WHAT TO DO: Taking only the lines of the data below from the line with "Import wskaźników w" to the line with "kevert saláta, koktél", ends included, write them out exactly and without pictures.

══ THE DATA

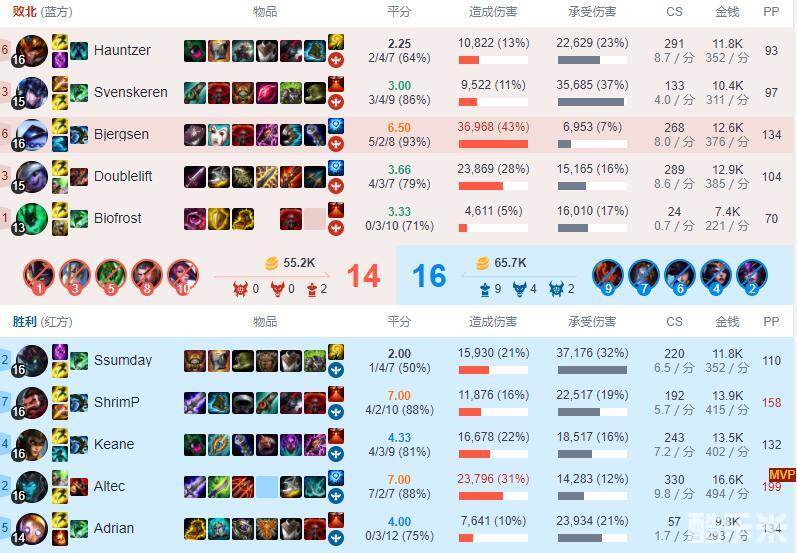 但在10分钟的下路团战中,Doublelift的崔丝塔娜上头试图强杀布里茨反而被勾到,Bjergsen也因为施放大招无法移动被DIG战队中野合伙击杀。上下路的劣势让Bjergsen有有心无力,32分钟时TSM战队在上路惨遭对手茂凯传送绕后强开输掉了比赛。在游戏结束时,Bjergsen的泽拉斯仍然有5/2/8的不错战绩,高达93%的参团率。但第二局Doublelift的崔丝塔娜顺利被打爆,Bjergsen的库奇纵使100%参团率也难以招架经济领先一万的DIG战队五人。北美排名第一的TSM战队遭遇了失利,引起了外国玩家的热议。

════
══ THE DATA

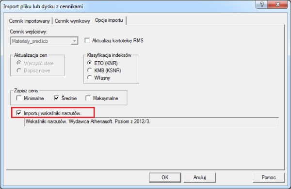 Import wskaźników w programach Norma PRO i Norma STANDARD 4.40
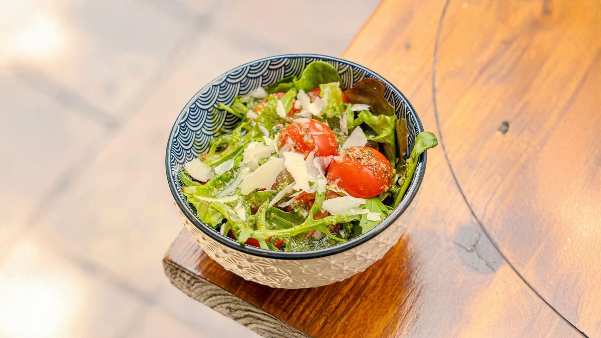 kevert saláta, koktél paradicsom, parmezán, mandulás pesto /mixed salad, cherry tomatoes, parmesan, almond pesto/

════

SOLUTION TO THIS TASK:
 Import wskaźników w programach Norma PRO i Norma STANDARD 4.40
 kevert saláta, koktél paradicsom, parmezán, mandulás pesto /mixed salad, cherry tomatoes, parmesan, almond pesto/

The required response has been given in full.